__Provided records__:
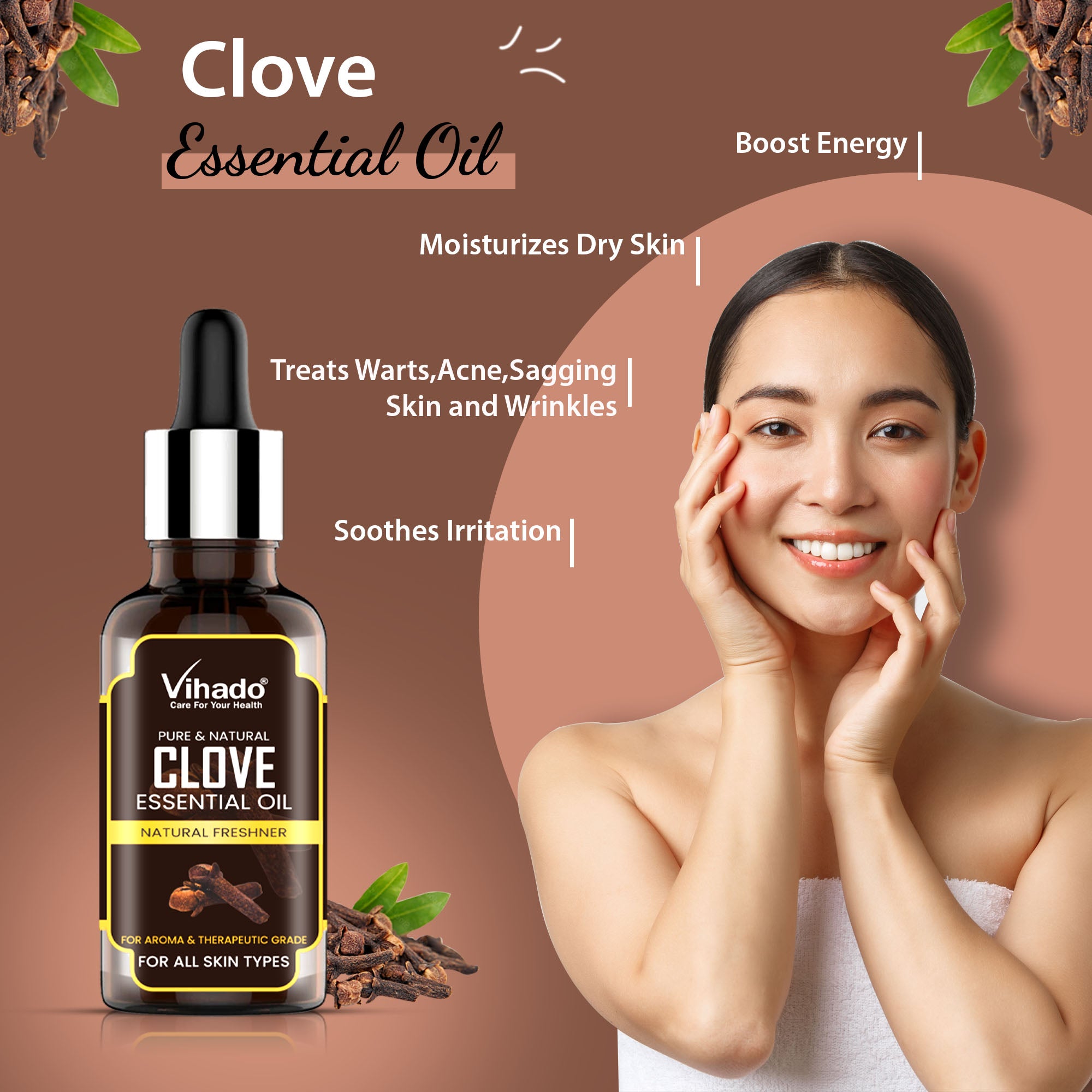Got acne? Clove oil can help. It’s got antibacterial, antiseptic properties that disinfect acne prone skin and fight off acne causing bacteria.
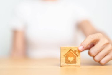 Ev güvenliği. Ahşap masadaki ev figürlerini arka plandaki ışığa karşı koruyan kadın, yakın plan.
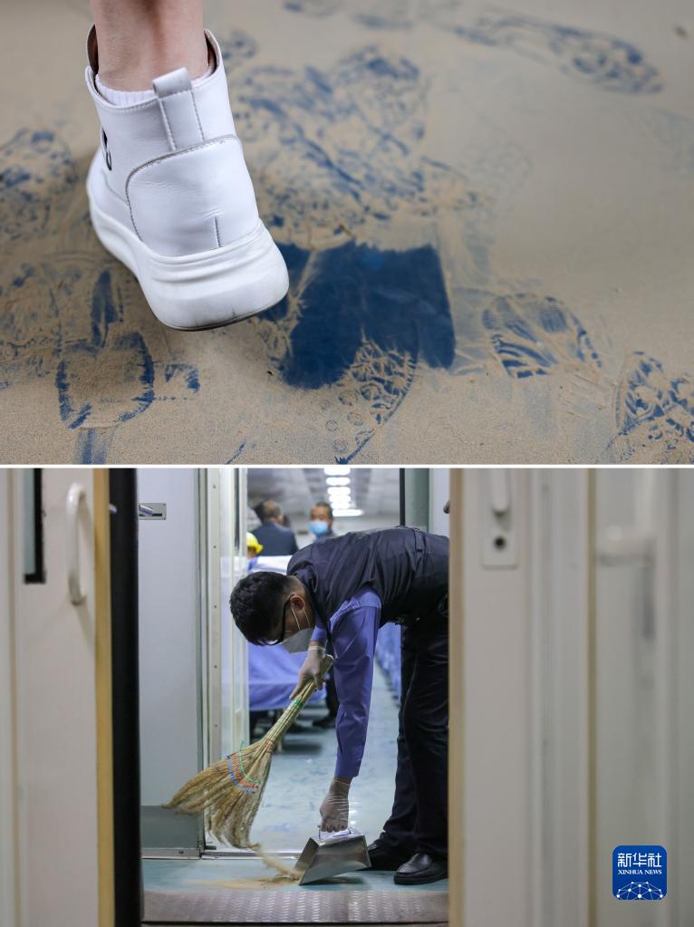 拼版照片:上圖為“和田玉龍號”列車(chē)經(jīng)過(guò)風(fēng)沙區,車(chē)廂連接處落滿(mǎn)沙土(4月27日攝);下圖為“和田玉龍號”列車(chē)員在清掃車(chē)廂連接處的沙土(4月27日攝)。
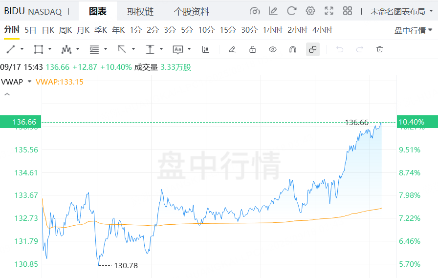 熱門中概股方面:百度漲超10%,萬國數據漲超8%,金山雲漲超6%,拼多多、蔚來漲近5%。
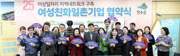 장수군이 전북광역여성새로일하기센터(원장 전정희)와 함께 지역 여성들의 일자리 창출을 위해 25일 장수군청 2층 회의실에서 지역 내 7개 기업과 ‘여성친화 일촌기업’ 업무협약을 체결했다.
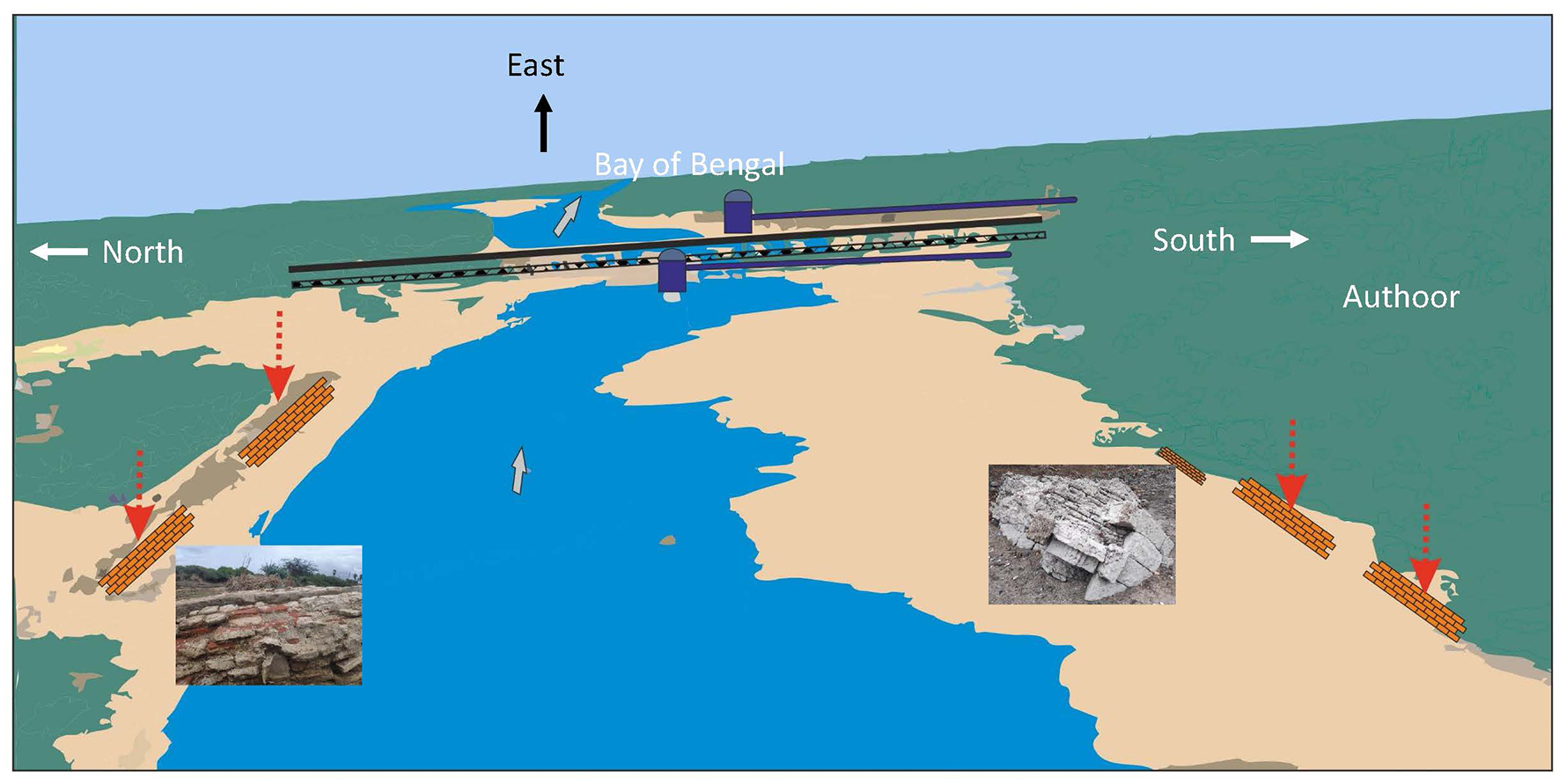 The schematic diagram that shows the brick structures that appeared in the Thamirabarani River.
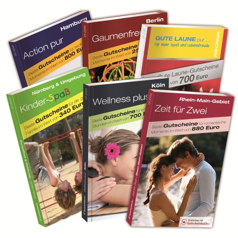 „Erlebnisse mit Gutscheinbuch.de“ ist da! Die neue Gutscheinbuch-Reihe startet in sechs deutschen Städten und Regionen mit den Ausgaben Action pur, Gaumenfreuden, Gute Laune, Kinder-Spaß, Wellness plus und Zeit für Zwei. Mit besonderen Erlebnissen vom Fallschirmsprung bis zum Mehrgänge-Menü lassen die Bücher die Herzen von Abenteurern, Gourmets, Verliebten und vielen mehr höher schlagen. Neben den Gutscheinen enthält jeder Titel allerhand Tipps und Tricks, Wissenswertes, Buntes und Spannendes rund ums Thema. Gültig ab sofort bis zum 31.10.2015!
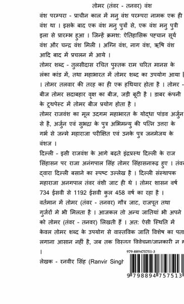 Tomar (Tanwar) dynasty - Dynasty -Tradition - In ancient times there was only one dynasty called Manu Vansh Parampara. After this a dynasty started from Manu sons, another dynasty started from Manu daughter Ila. Who respectively got the historical identity Surya dynasty and Chandra dynasty. Agni dynasty, Nag dynasty, Rishi dynasty etc. came into vogue later. The word Tomar - The use of the word Tomar has come in the book Ram Charit Manas written by Tulsidas in the Lanka Kand, and in the Mahabharata. Tomar is a weapon similar to a sword. Tomar is the seed, herb of the evergreen tree and used in the toothpaste of Dabur Company. The origin of the Tomar dynasty is from the Pandava Arjuna, the warrior of the Mahabharata, the descendants of Maharaja Parikshit and his son Janmejaya, born from the womb of Uttara, wife of Abhimanyu, son of Arjuna and Subhadra, brother and brother-in-law of Lord Krishna. Delhi - King Anangpal Singh Tomar ascended the throne of Indraprastha Delhi, moving ahead of this dynasty. There is a clear mention of the Tanwars settling in Delhi. The founder of Delhi was Maharaja Anagpal Tanwar Vanshi Jat. Tomar's rule was from 734 AD to 1192 AD a total of 458 years. At present Tomar (Tanwar) Gautra is also found in Jats Rajputs and Gujjars. Nowadays other castes also write themselves as Tomar (Tanwar). in such a situation, it is not easy to find out the actual caste by using the word Tomar only unless there is a detailed discussion / information.
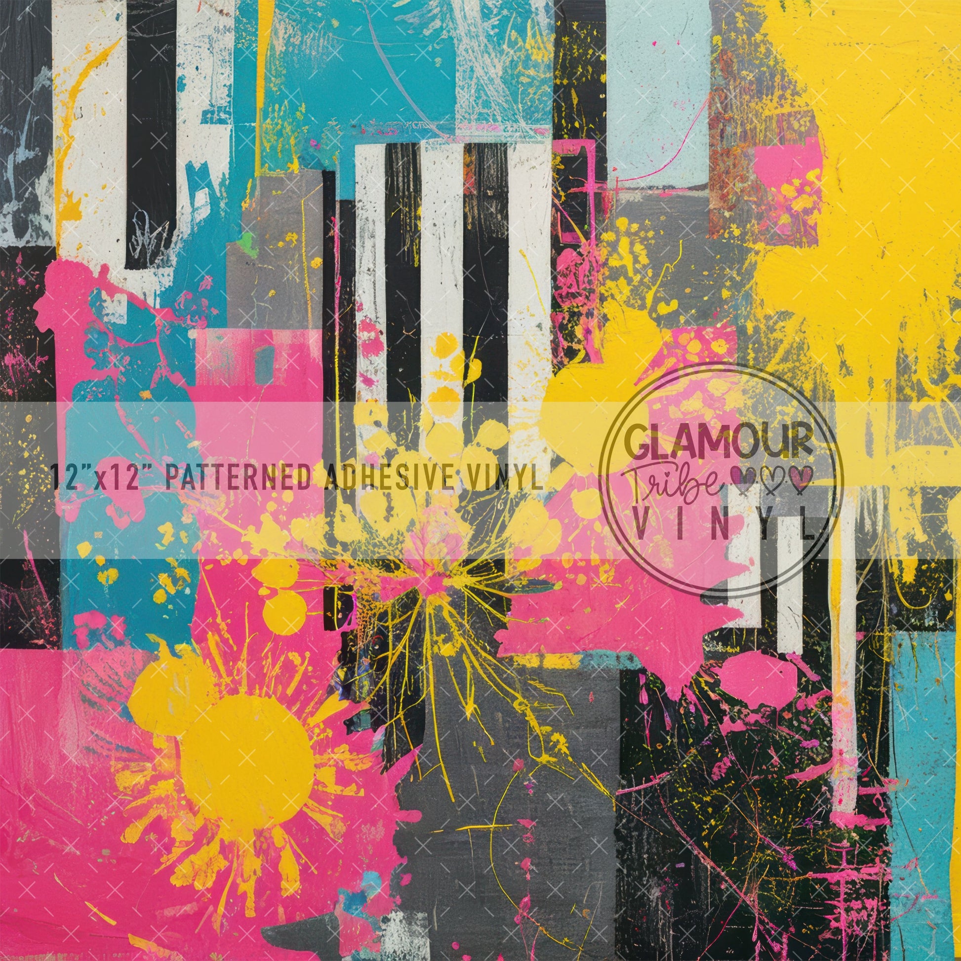 12"x12" sheet fully opaque pattern printed on white adhesive vinyl. See our available vinyl type options below, along with their descriptions. Usable, printed area of the print is a full 12"x12".
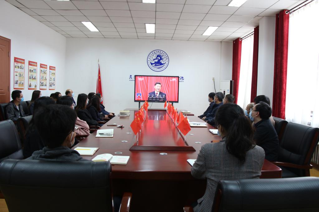 (通讯员王悦媛 摄影周亚鑫)举国关注、举世瞩目,中国共产党第二十次全国代表大会16日上午在人民大会堂开幕。习近平代表第十九届中央委员会向党的二十大作报告。10时,国产自拍 党委组织各党支部及全体师生集中收看党的二十大开幕实况,认真聆听报告。
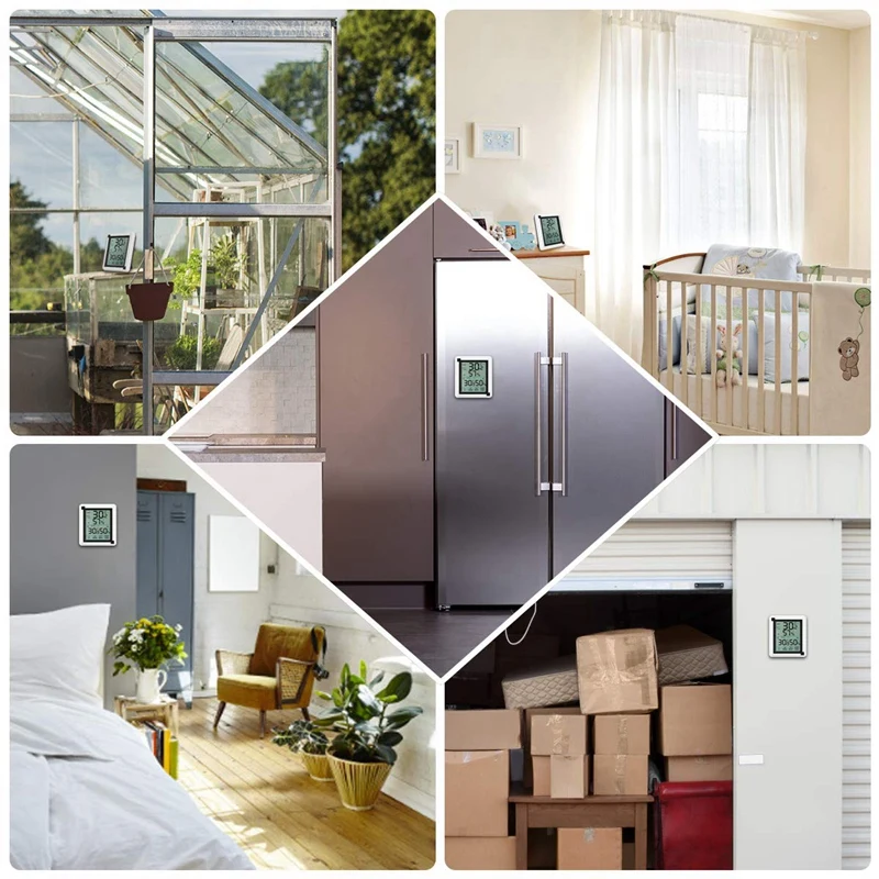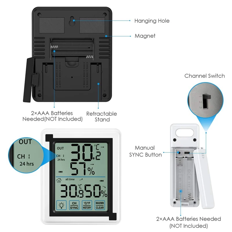 Подключение до 3 наружных блоков (посылка с одним наружным блоком). два высоких магнитных магнита на задней стороне основного блока, которые можно прикрепить к металлическим предметам. задняя часть основного блока имеет кронштейн, который может стоять в горизонтальном положении. высокая чувствительность кнопки управления для удобства эксплуатации. индикация комфорта, индикация тренда температуры и влажности.

__What to work on__: Would you repeat the entries exactly, but with no pictures?

__Reply to the exercise__:
Got acne? Clove oil can help. It’s got antibacterial, antiseptic properties that disinfect acne prone skin and fight off acne causing bacteria.
 Ev güvenliği. Ahşap masadaki ev figürlerini arka plandaki ışığa karşı koruyan kadın, yakın plan.
 拼版照片:上圖為“和田玉龍號”列車(chē)經(jīng)過(guò)風(fēng)沙區,車(chē)廂連接處落滿(mǎn)沙土(4月27日攝);下圖為“和田玉龍號”列車(chē)員在清掃車(chē)廂連接處的沙土(4月27日攝)。
 熱門中概股方面:百度漲超10%,萬國數據漲超8%,金山雲漲超6%,拼多多、蔚來漲近5%。
 장수군이 전북광역여성새로일하기센터(원장 전정희)와 함께 지역 여성들의 일자리 창출을 위해 25일 장수군청 2층 회의실에서 지역 내 7개 기업과 ‘여성친화 일촌기업’ 업무협약을 체결했다.
 The schematic diagram that shows the brick structures that appeared in the Thamirabarani River.
 „Erlebnisse mit Gutscheinbuch.de“ ist da! Die neue Gutscheinbuch-Reihe startet in sechs deutschen Städten und Regionen mit den Ausgaben Action pur, Gaumenfreuden, Gute Laune, Kinder-Spaß, Wellness plus und Zeit für Zwei. Mit besonderen Erlebnissen vom Fallschirmsprung bis zum Mehrgänge-Menü lassen die Bücher die Herzen von Abenteurern, Gourmets, Verliebten und vielen mehr höher schlagen. Neben den Gutscheinen enthält jeder Titel allerhand Tipps und Tricks, Wissenswertes, Buntes und Spannendes rund ums Thema. Gültig ab sofort bis zum 31.10.2015!
 Tomar (Tanwar) dynasty - Dynasty -Tradition - In ancient times there was only one dynasty called Manu Vansh Parampara. After this a dynasty started from Manu sons, another dynasty started from Manu daughter Ila. Who respectively got the historical identity Surya dynasty and Chandra dynasty. Agni dynasty, Nag dynasty, Rishi dynasty etc. came into vogue later. The word Tomar - The use of the word Tomar has come in the book Ram Charit Manas written by Tulsidas in the Lanka Kand, and in the Mahabharata. Tomar is a weapon similar to a sword. Tomar is the seed, herb of the evergreen tree and used in the toothpaste of Dabur Company. The origin of the Tomar dynasty is from the Pandava Arjuna, the warrior of the Mahabharata, the descendants of Maharaja Parikshit and his son Janmejaya, born from the womb of Uttara, wife of Abhimanyu, son of Arjuna and Subhadra, brother and brother-in-law of Lord Krishna. Delhi - King Anangpal Singh Tomar ascended the throne of Indraprastha Delhi, moving ahead of this dynasty. There is a clear mention of the Tanwars settling in Delhi. The founder of Delhi was Maharaja Anagpal Tanwar Vanshi Jat. Tomar's rule was from 734 AD to 1192 AD a total of 458 years. At present Tomar (Tanwar) Gautra is also found in Jats Rajputs and Gujjars. Nowadays other castes also write themselves as Tomar (Tanwar). in such a situation, it is not easy to find out the actual caste by using the word Tomar only unless there is a detailed discussion / information.
 12"x12" sheet fully opaque pattern printed on white adhesive vinyl. See our available vinyl type options below, along with their descriptions. Usable, printed area of the print is a full 12"x12".
 (通讯员王悦媛 摄影周亚鑫)举国关注、举世瞩目,中国共产党第二十次全国代表大会16日上午在人民大会堂开幕。习近平代表第十九届中央委员会向党的二十大作报告。10时,国产自拍 党委组织各党支部及全体师生集中收看党的二十大开幕实况,认真聆听报告。
 Подключение до 3 наружных блоков (посылка с одним наружным блоком). два высоких магнитных магнита на задней стороне основного блока, которые можно прикрепить к металлическим предметам. задняя часть основного блока имеет кронштейн, который может стоять в горизонтальном положении. высокая чувствительность кнопки управления для удобства эксплуатации. индикация комфорта, индикация тренда температуры и влажности.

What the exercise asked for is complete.